Ce qui ne rend pas l’acclimatation facile, même lorsqu’on débarque avec une forte volonté de s’intégrer et donc d’apprendre l’allemand (au moins standard, si ce n’est le dialecte), ce qui est le cas de la plupart des «expatriés».

Admiratif devant le multilinguisme des Suisses, Igor Allinckx regrette que cette qualité «se perde de plus en plus».

Lucerne, ville touristique, est aussi connue pour son ambiance chaleureuse. Ce qui ne semble pas être spécialement le cas de St-Gall.

La Locloise Dominique Andermatt, qui y a suivi son mari, raconte sa difficile expérience, sans amertume. «Les gens sont très fermés. Cela fait neuf ans que je suis ici et je n’ai aucune amie d’origine st-galloise.»

Dialecte en progression

Le repli alémanique sur le dialecte crée une séparation supplémentaire. «Il y a de plus en plus de textes officiels écrits en suisse allemand, des annonces mortuaires, des circulaires à l’école», raconte Dominique Andermatt.

Dans ces conditions, l’Alliance française que préside la Locloise est, peut-être ici plus qu’ailleurs, une bouffée d’air frais pour les nouveaux arrivants.

Mais comme toujours, la réalité n’est pas une et indivisible. Et beaucoup de Romands ont aussi fait l’expérience d’un accueil chaleureux.

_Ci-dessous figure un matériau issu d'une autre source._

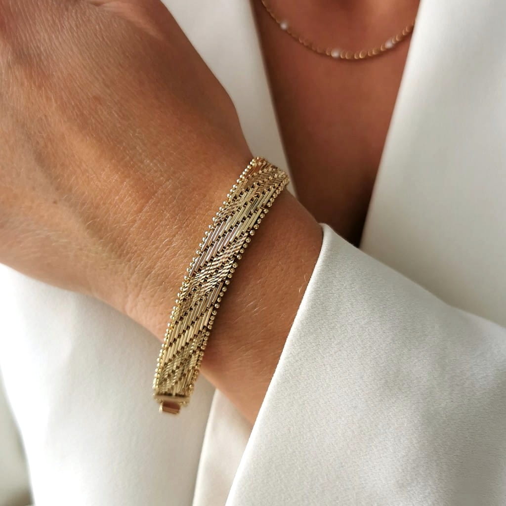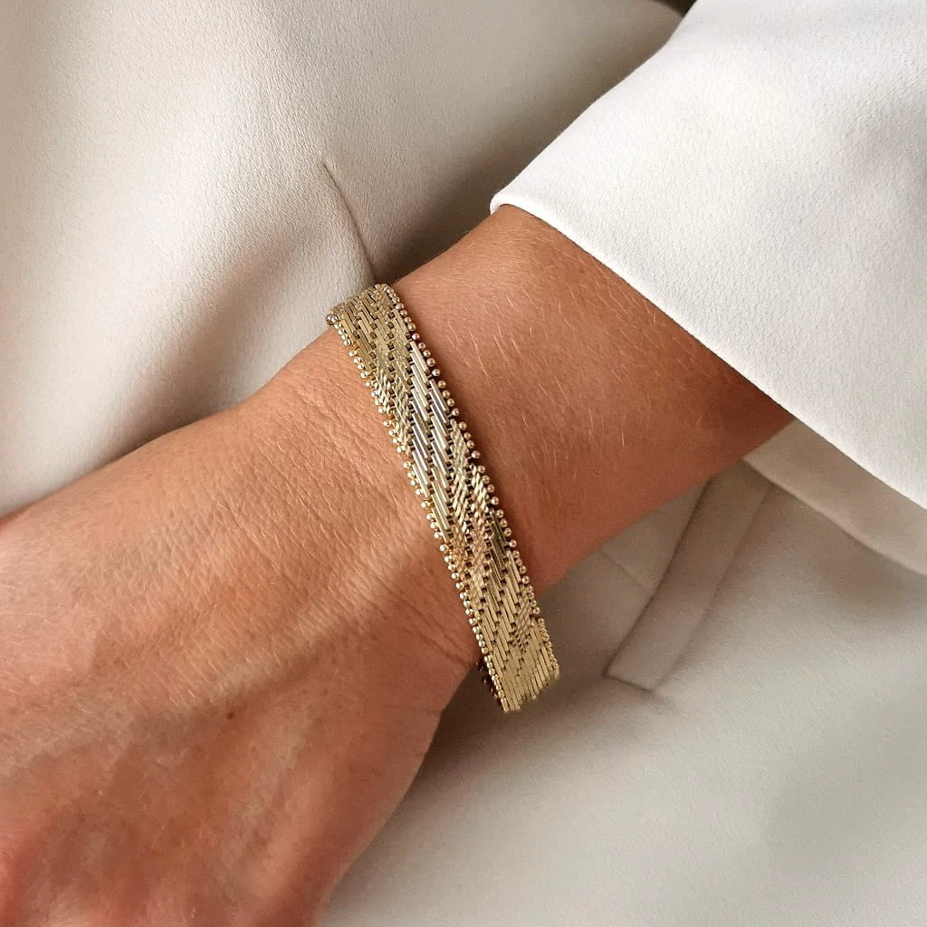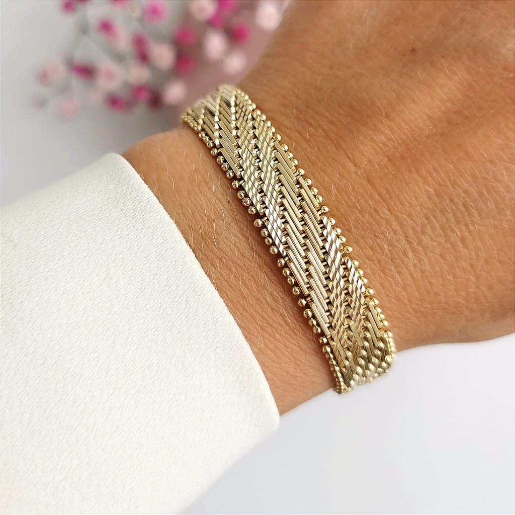Unikatowy model bransoletki ze stali szlachetnej. Przepiępkny model, który świetnie wpisze się do każdej stylizacji. Naturalny kolor złota 14k sprawia, że bransoletka prezentuje się jak od jubilera! Must Have!
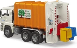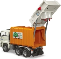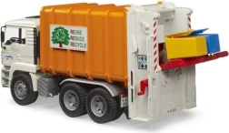 Realistiškas šiukšliavežis BRUDER MAN TGA masteliu 1:16 sužavės mažus ir didelius technikos gerbėjus. Jis turi pakreipiamą kabiną, funkcionalų presą su dviem sraigtiniais konvejeriais, atsidaromas galines duris su užraktu ir dvi pridėtas šiukšliadėžes. Pagamintas iš patvaraus ABS plastiko Vokietijoje, suderinamas su Bworld figūrėlėmis ir idealus vaikams nuo 3 metų.
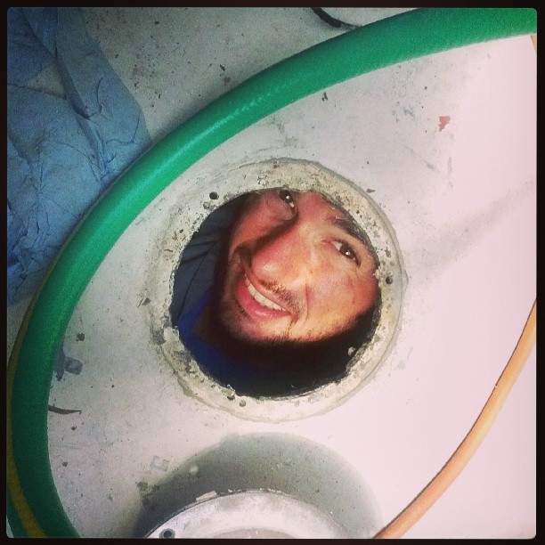 The previous day I worked on my water tank in the v-berth, then rushed onto the boat to prepare the dough and toppings for our Monday pizza night at the boatyard, then worked a little more while the dough was raising, to again rush and pick everything up and carry it to the breezeway on the other end of the boatyard. When I came back it was dark already and with a full belly and first signs of a carb crash I went quickly to bed. The next morning I woke up to the mess of cooking and working and everything else.
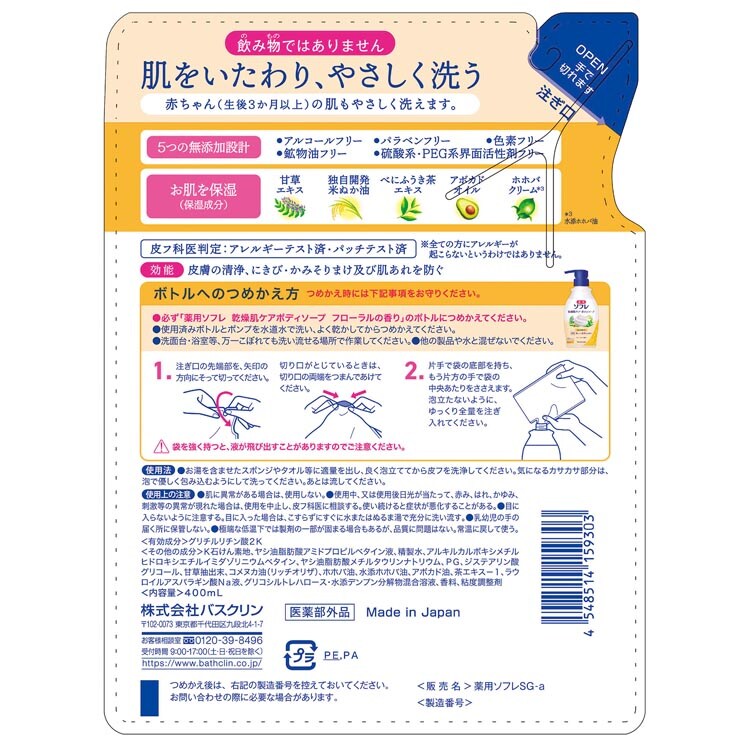 ・必ず「薬用ソフレ 乾燥肌ケアボディソープ フローラルの香り」のボトルにつめかえてください。

Ainsi, le secrétaire du cercle romand de Winterthour, Alexandre Gross, ne tarit pas d’éloges. «Dans mon village, les gens font des efforts pour parler le français. Moi j’ai plutôt l’impression que les Suisses allemands nous aiment plus que nous ne les apprécions...»

swissinfo, Ariane Gigon Bormann, Zurich

En bref

- Le nombre de francophones en Suisse alémanique est passé de 79 500 à 75 400 personnes entre 1990 et 2000 (-5% environ), alors que la population augmentait de plus de 6% à 5,2 millions d’habitants outre-Sarine.

- En Suisse alémanique toujours, le nombre d’italophones a «fondu» de 210 800 à 154'500 (-26,5%) entre 1990 et 2000. (La diminution est d’un peu plus de 25% en Suisse romande).

- Dans le même laps de temps, le nombre de germanophones en Suisse romande a diminué de plus de 12%, passant de 100'000 à 87 400 personnes (sur 1,7 mio d’habitants).

- Dans toute la Suisse, ce sont les langues non nationales qui ont le vent en poupe et sont parlées par près de 10% de la population.

- A Zurich, le français a perdu 2,6% de ses pratiquants entre 1990 et 2000 et est, avec environ 8000 pratiquants, la quatrième langue parlée, à quasi égalité avec l’espagnol, mais derrière l’italien et le serbo-croate.

- La ville de Berne a perdu 20% des ses francophones entre 1980 et 1990. Dix ans plus tard, ce sont 10% supplémentaires qui ont quitté la capitale.

- En 2000, Berne comptait 4671 francophones (sur une population totale de quelque 126'000 personnes).